Interior Minister Jan Jambon, who offered to resign over the failure to arrest one of the suicide bombers months ago, tweeted congratulations to those involved in the arrests.

But there was no change in the national security alert level.

“The struggle against terrorism goes on,” Mr Jambon said.

Abrini linked to car, apartment used in Paris attacks

Belgium media said Abrini was arrested in the Anderlecht district of Brussels, next to the western district of Molenbeek — home to several other suspects linked to the Paris attacks.

The 31-year-old Belgian of Moroccan origin had been on Europe’s most-wanted list since being seen on a motorway service station CCTV video driving with key suspect Salah Abdeslam towards Paris from Belgium.

Abdeslam

Abdeslam was set to immolate himself, but chickened out.

The car they drove was used two days later in the November 13 attacks.

Abdeslam’s elder brother was a suicide bomber in the series of attacks.

Abrini and Abdeslam also rented an apartment used by some of the Paris suicide attackers, prosecutors said.

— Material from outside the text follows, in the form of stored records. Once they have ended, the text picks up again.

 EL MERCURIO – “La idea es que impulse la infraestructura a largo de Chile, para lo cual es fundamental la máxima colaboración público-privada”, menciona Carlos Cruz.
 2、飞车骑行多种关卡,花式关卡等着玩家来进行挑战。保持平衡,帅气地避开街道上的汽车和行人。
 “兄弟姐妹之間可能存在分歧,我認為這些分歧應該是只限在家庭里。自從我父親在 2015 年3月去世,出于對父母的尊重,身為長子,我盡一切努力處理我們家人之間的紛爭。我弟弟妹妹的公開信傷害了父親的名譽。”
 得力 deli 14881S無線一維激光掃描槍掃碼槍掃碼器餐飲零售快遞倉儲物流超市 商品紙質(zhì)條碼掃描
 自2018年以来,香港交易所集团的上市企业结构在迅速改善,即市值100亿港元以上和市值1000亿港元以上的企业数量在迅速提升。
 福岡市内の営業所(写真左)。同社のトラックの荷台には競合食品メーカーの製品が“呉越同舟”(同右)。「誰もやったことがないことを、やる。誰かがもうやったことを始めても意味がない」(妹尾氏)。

Abrini’s fingerprints and DNA were found in two Brussels apartments, including the one from where three men — including the two bombers — took a taxi to the airport on March 22.

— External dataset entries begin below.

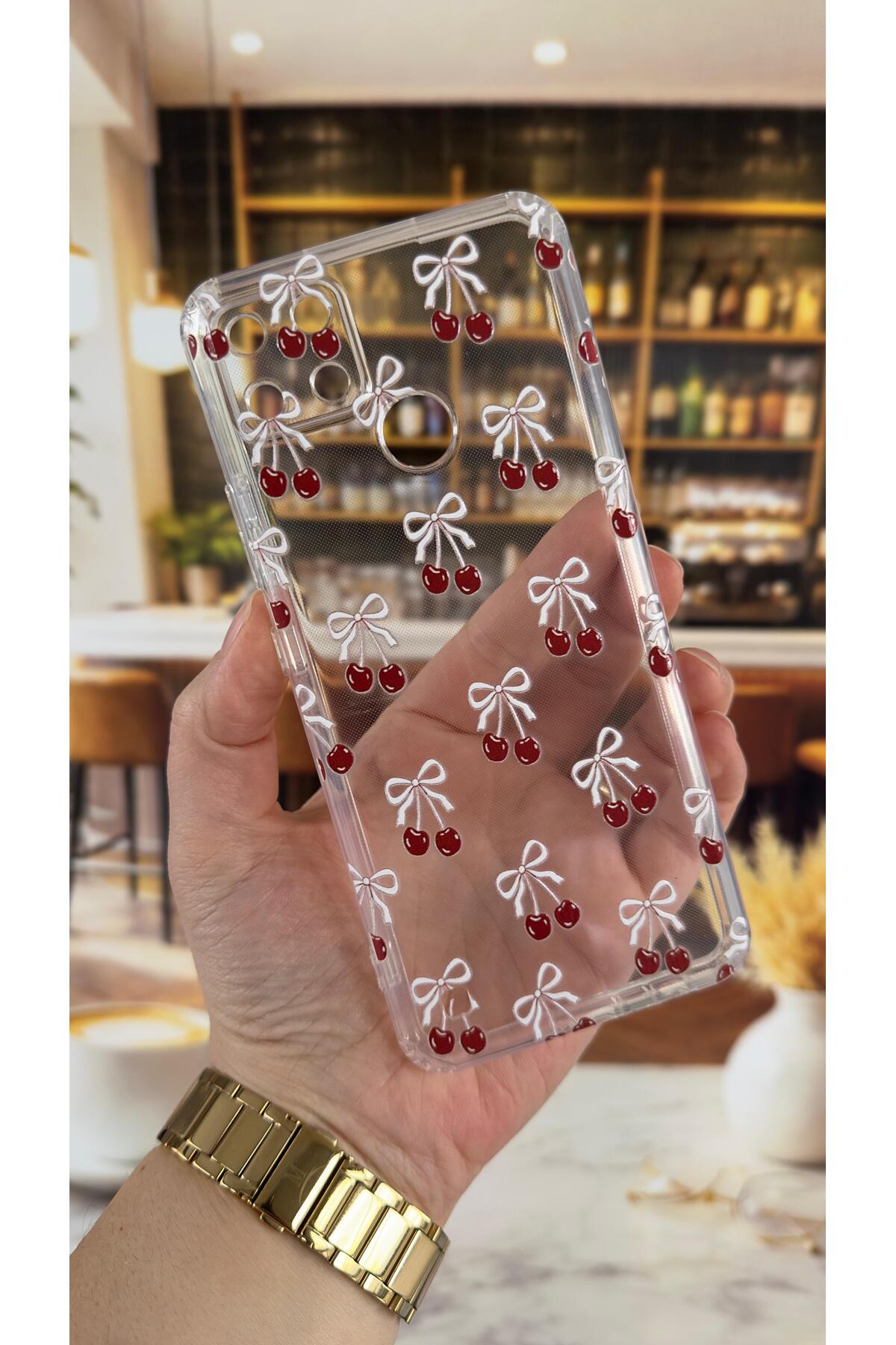 Vip Case Realme C21Y Compatible Cherry Patterned Transparent Shock-Absorbing Camera Protected Clear Case features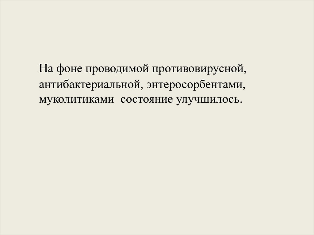 На фоне проводимой противовирусной,антибактериальной, энтеросорбентами,
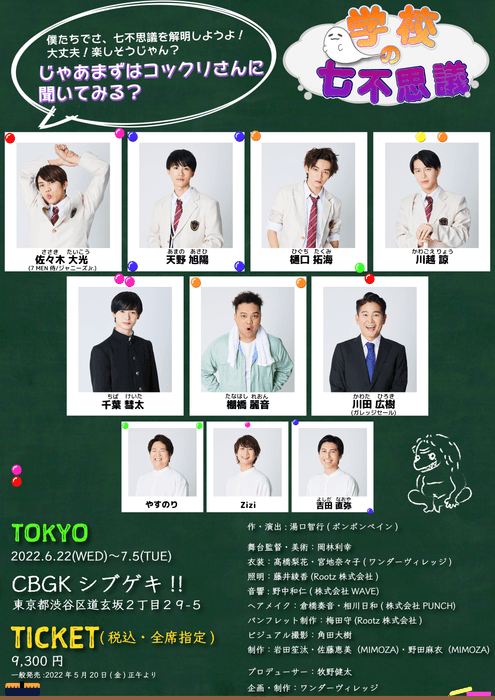 7 MEN 侍の佐々⽊⼤光主演、川⽥広樹(ガレッジセール)の出演が決定し、舞台「学校の七不思議」として、東京公演2022年6⽉22⽇(⽔)〜7⽉5⽇(⽕) CBGKシブゲキ!!にて上演する。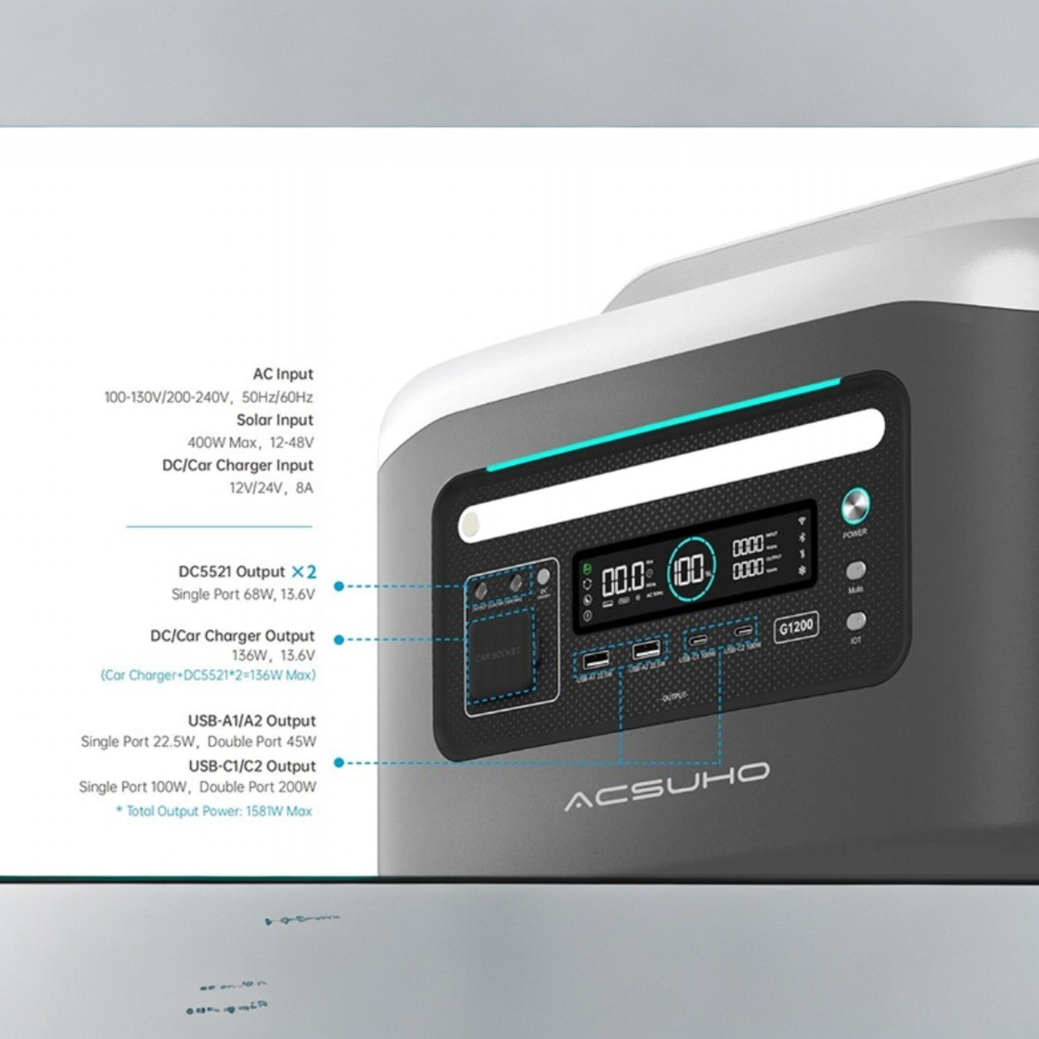 With multiple output ports including AC, USB-A, USB-C, and 12V DC, you can charge everything from laptops and phones to fridges and power tools. It recharges fast via wall outlet, car charger, or solar panel, and operates silently without fumes, perfect for indoor or outdoor use. Rugged, efficient, and built for Aussie conditions, the G1200 is your go-to mobile power source.

It was later found to have been used as a bomb factory.

Abrini is a childhood friend of Abdeslam, and is believed to have played a support role in the preparations for the Paris attacks.

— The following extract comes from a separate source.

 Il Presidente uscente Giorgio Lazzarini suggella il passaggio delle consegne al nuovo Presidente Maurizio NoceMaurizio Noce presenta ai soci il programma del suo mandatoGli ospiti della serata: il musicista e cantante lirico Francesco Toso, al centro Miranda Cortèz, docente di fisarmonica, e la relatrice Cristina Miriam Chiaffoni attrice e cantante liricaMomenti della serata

Belgian authorities have told local media Abrini travelled to Syria in 2015.

Abdeslam was arrested in Brussels on March 18, four days before Islamic State suicide bombers struck in the city following a four-month manhunt.

He is being held in a high-security prison in the northern Belgian city of Bruges while awaiting his extradition to France.

“The federal prosecutor confirms that there have been several arrests in the course of the day in connection with the attacks on the airport and metro,” an earlier a statement said.

Faycal Cheffou

Investigators checking whether Abrini was ‘the man in the hat’. Image supplied by Capital Police.

Brussels attacks suspect detained

Another suspect held on Friday may be a man seen with Khalid Bakraoui at a Brussels metro station shortly before Bakraoui blew himself up on a train on the same line downtown.

Prosecutors named him as Osama K, saying he had used the false name Naim al-Hamed.

Prosecutors said he had also been caught on CCTV buying bags at a downtown mall that were later used in the Brussels bombings.

Osama K was identified by police near Ulm in Germany some weeks before the Paris attacks in a car rented by Salah Abdeslam, prosecutors said.

They did not confirm reports he was a Swede named Osama Krayem, a former fighter in Syria who may have returned to Europe along with other militants among refugees who reached the Greek island of Leros in September.

The Brussels attacks killed 32 people and wounded hundreds more.

Hunt continues for the ‘man in the hat’

Investigators have released new footage of “the man in the hat” in connection to the Brussels attacks.

The suspect left the Brussels airport shortly after the twin suicide bombings and was tracked on CCTV for several miles into the city centre.

Prosecutors said they were checking whether Abrini was the man in the hat.

Investigators have released new footage, urging people to look for the man’s discarded coat.

He had been difficult to identify from the footage, which showed him pushing a laden luggage trolley alongside the two men who blew themselves up with similar bags.

A third bomb was later found abandoned at the airport.